- **Activity**: Beginning with the line that contains "Hatırlanacağı üzere son" and ending with the last line of the records, write out each line exactly and omit the pictures.

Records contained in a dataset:
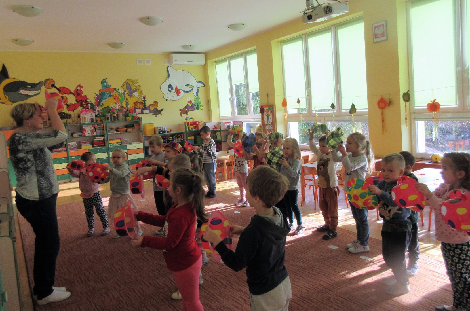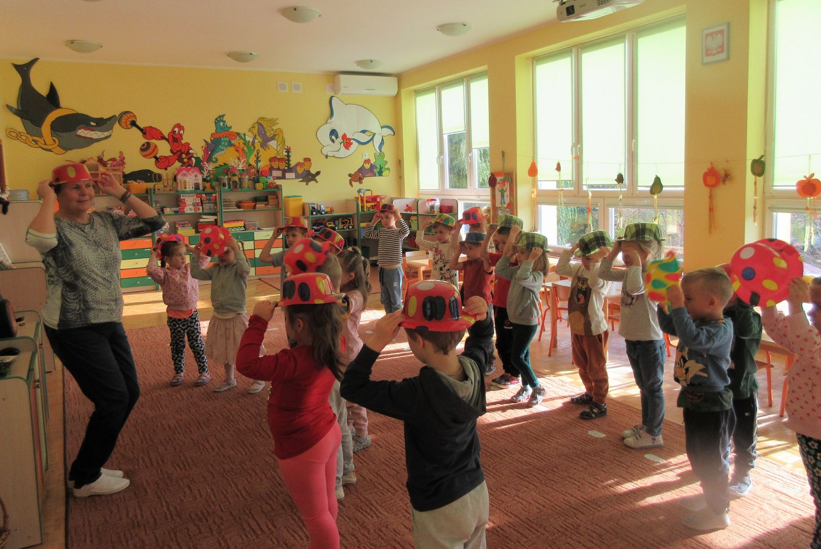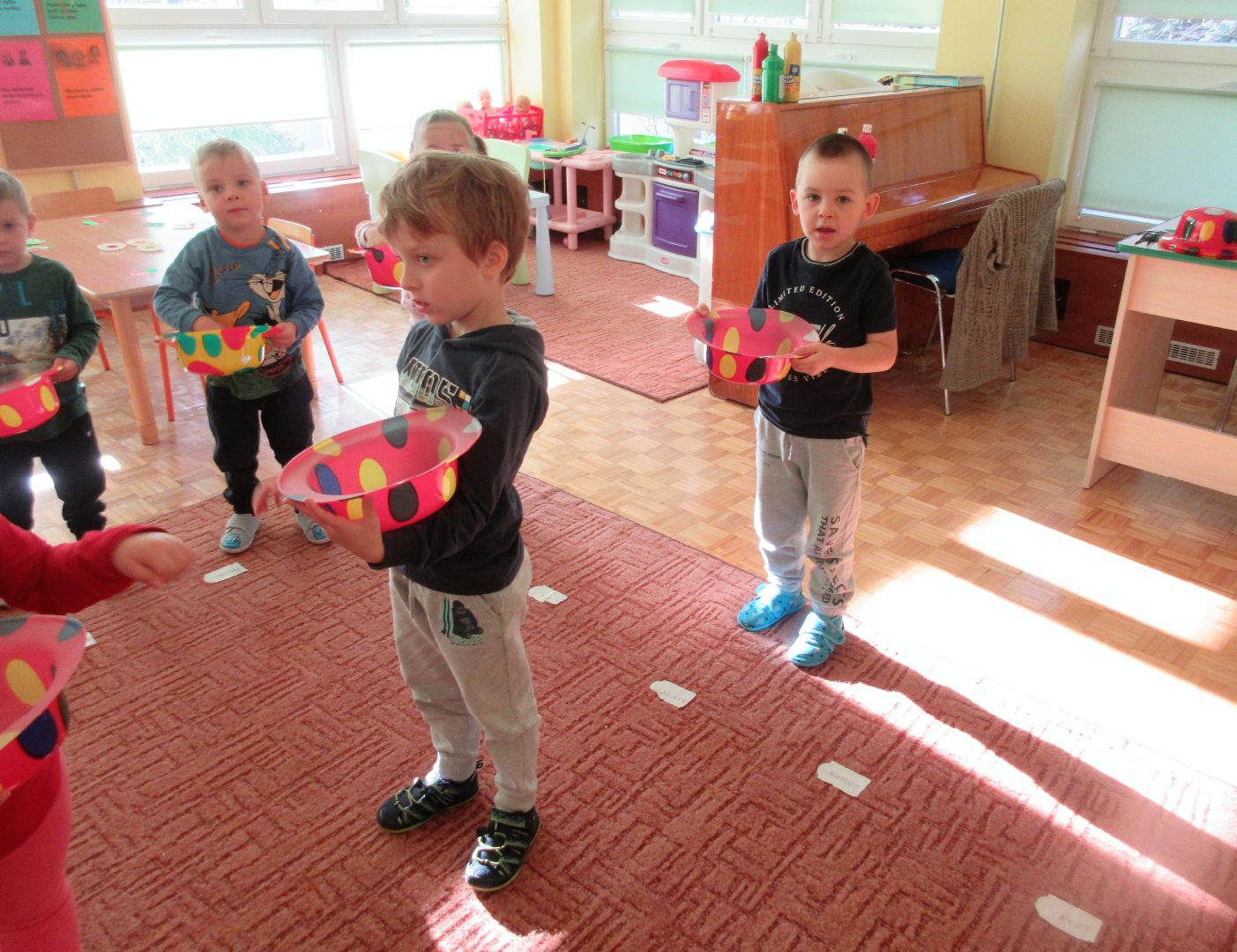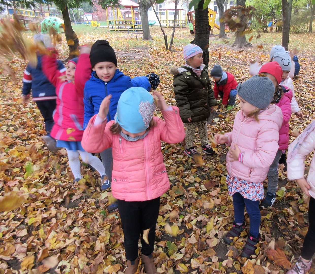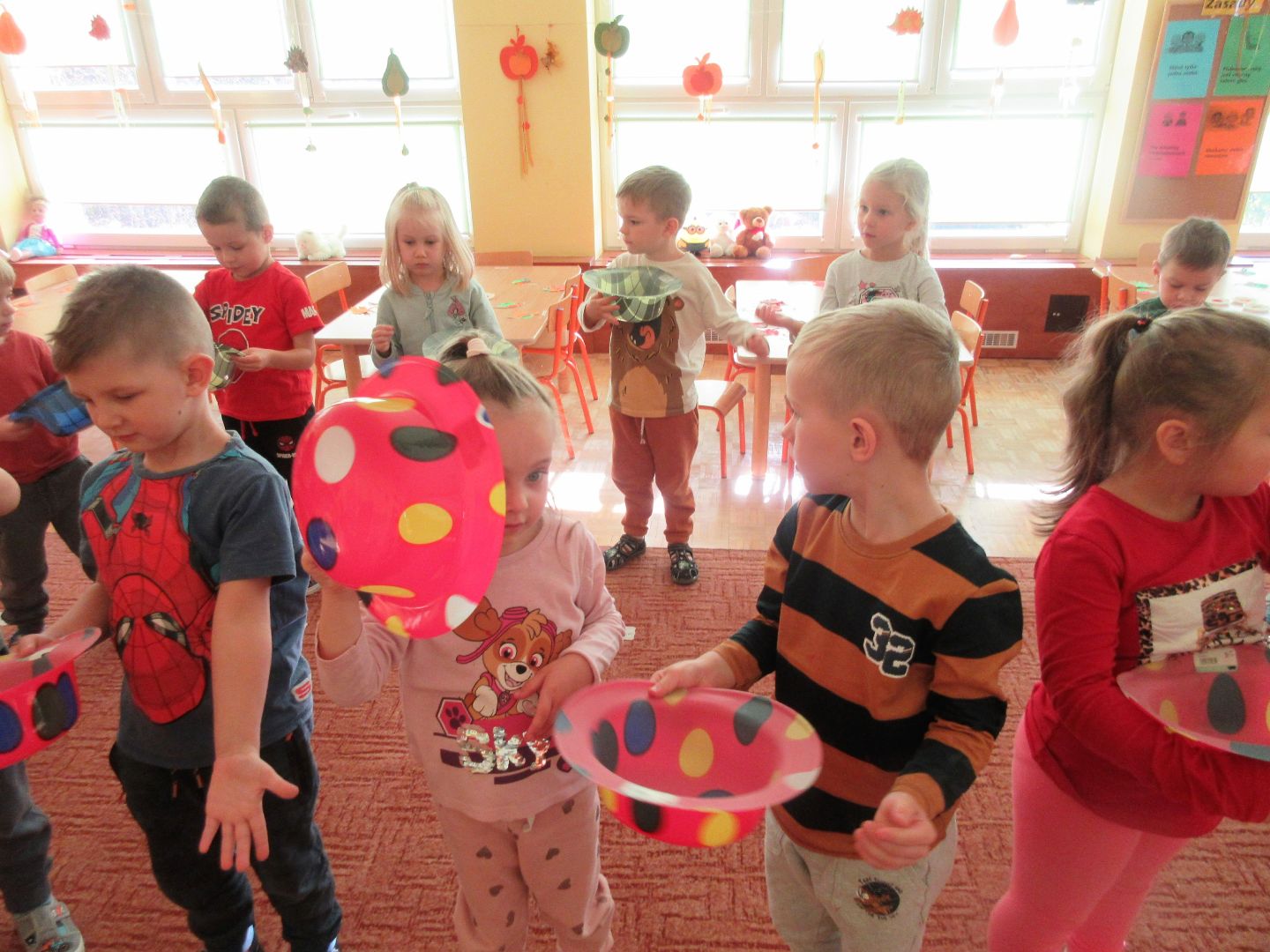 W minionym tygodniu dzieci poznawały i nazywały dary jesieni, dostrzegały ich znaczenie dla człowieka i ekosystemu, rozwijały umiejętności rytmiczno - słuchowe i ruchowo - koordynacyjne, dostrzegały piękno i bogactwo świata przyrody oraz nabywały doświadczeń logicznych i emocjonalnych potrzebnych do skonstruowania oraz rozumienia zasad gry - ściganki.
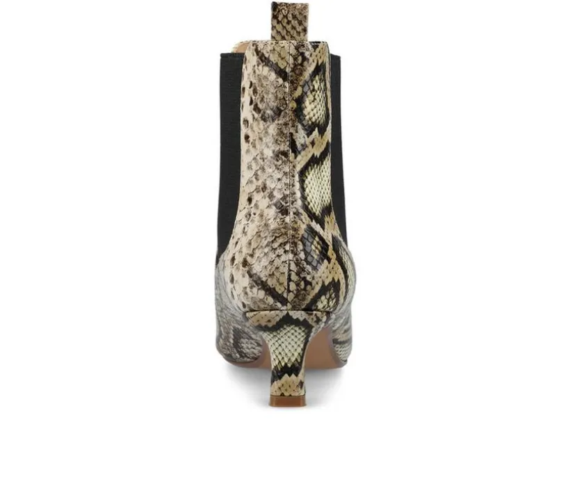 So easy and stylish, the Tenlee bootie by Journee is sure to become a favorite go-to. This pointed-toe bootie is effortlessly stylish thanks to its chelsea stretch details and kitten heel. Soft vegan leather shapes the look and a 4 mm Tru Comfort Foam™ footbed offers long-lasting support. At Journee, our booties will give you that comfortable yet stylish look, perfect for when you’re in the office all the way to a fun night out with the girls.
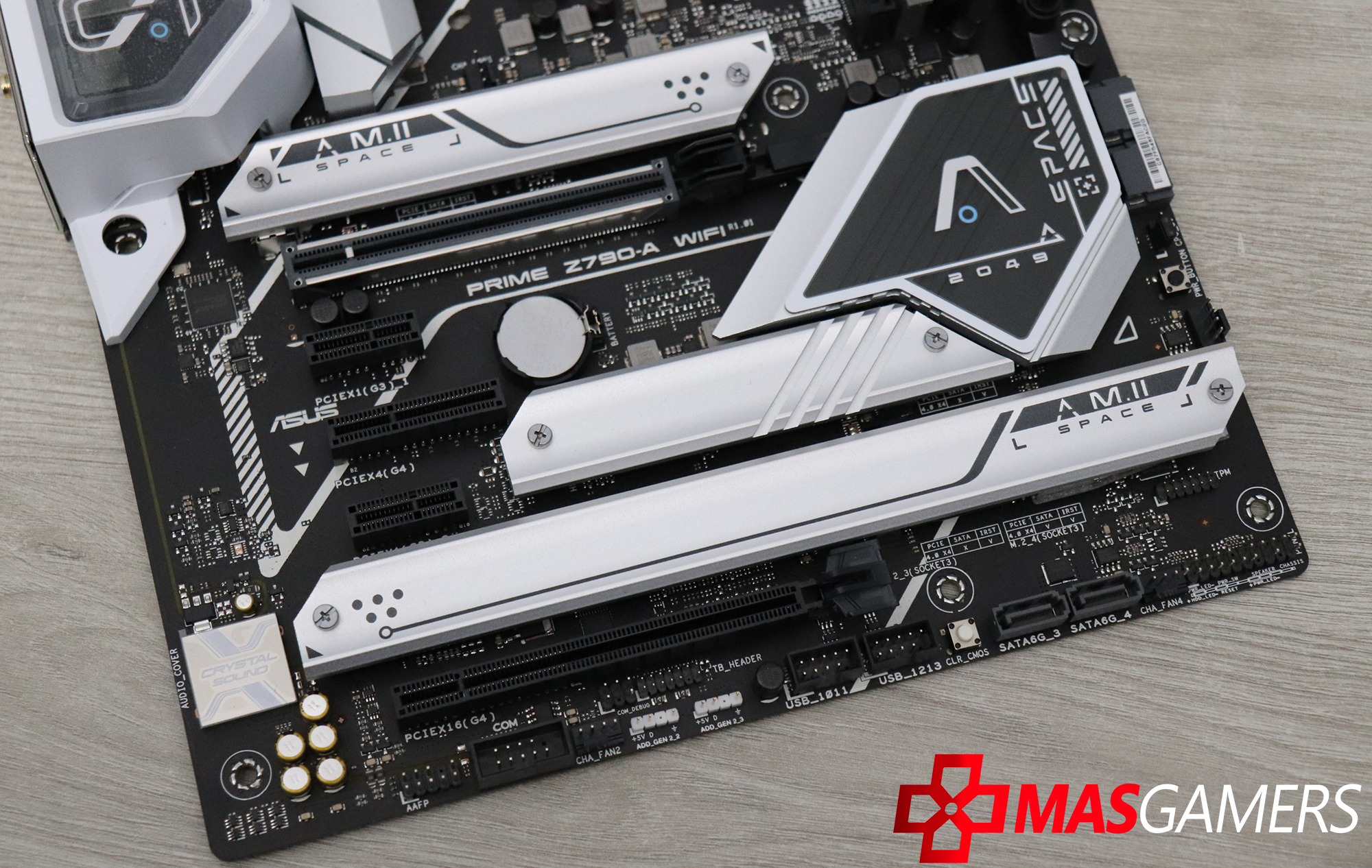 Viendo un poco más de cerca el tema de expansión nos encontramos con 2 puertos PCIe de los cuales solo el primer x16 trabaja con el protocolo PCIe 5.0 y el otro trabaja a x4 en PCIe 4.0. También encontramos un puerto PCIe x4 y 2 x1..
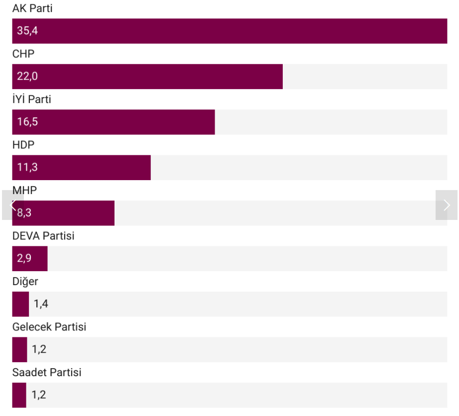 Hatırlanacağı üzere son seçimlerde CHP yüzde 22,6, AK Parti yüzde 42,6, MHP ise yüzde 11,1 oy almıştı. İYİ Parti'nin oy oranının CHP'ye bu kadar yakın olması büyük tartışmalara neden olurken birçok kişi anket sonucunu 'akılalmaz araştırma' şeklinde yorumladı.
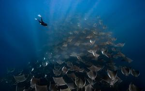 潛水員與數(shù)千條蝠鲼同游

- **Solved exercise**:
 Hatırlanacağı üzere son seçimlerde CHP yüzde 22,6, AK Parti yüzde 42,6, MHP ise yüzde 11,1 oy almıştı. İYİ Parti'nin oy oranının CHP'ye bu kadar yakın olması büyük tartışmalara neden olurken birçok kişi anket sonucunu 'akılalmaz araştırma' şeklinde yorumladı.
 潛水員與數(shù)千條蝠鲼同游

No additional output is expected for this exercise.